US President Donald Trump told CBS that, in his view, several nuclear-armed states, including China and Pakistan, as well as Russia and North Korea, have been conducting nuclear tests. He used these assertions to justify his order for the Pentagon to resume explosive nuclear testing after a 33-year moratorium, saying the United States should not be the only country refraining from such tests.
Trump claimed that many nuclear tests are carried out covertly and go unreported because those governments do not allow open media coverage. He suggested that underground detonations can be hard to detect by the public, noting that seismic vibrations may be the only outward sign. He repeated the allegation that Pakistan and China are among the countries carrying out such hidden tests.
In the same interview, Trump said he had intervened diplomatically to prevent a potential nuclear confrontation between India and Pakistan in May, arguing that his pressure and threat of economic consequences stopped an escalation that might have killed millions. He framed his actions as having defused an imminent and catastrophic conflict.
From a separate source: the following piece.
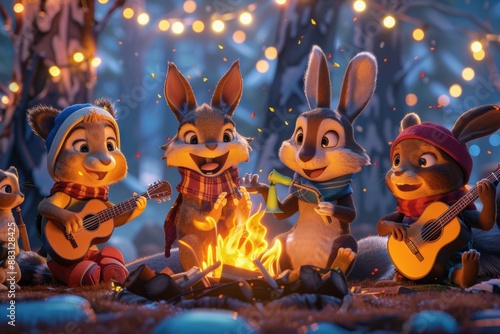 © nik_yurginson, Obraz premium Animated Animals Sing Around Campfire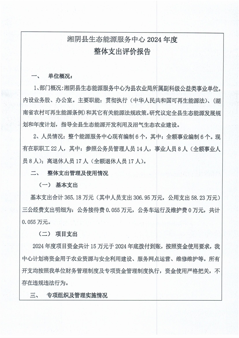 2024年度-湘阴县生态能源服务中心-整体支出绩效评价报告

If China and Pakistan were indeed conducting secret tests, Trump’s claim implies heightened instability for India, which faces nuclear-armed rivals on two fronts. India has not conducted nuclear tests since 1998 and maintains a declared no-first-use policy, which would complicate any strategic response to covert testing by neighbouring powers.
The piece cites broad, contested figures for regional arsenals and trajectories, noting India’s inventory relative to China’s larger stockpile and Pakistan’s expanding tactical capabilities. It raises the strategic question of whether renewed U.S. testing and alleged clandestine tests elsewhere might prompt new rounds of regional posturing or technical validation efforts by India.
Finally, the article suggests that the current statements and policy shifts could open political and military debate in India about validating past thermonuclear claims and advancing delivery and warhead technologies, though such steps would carry significant diplomatic and nonproliferation consequences.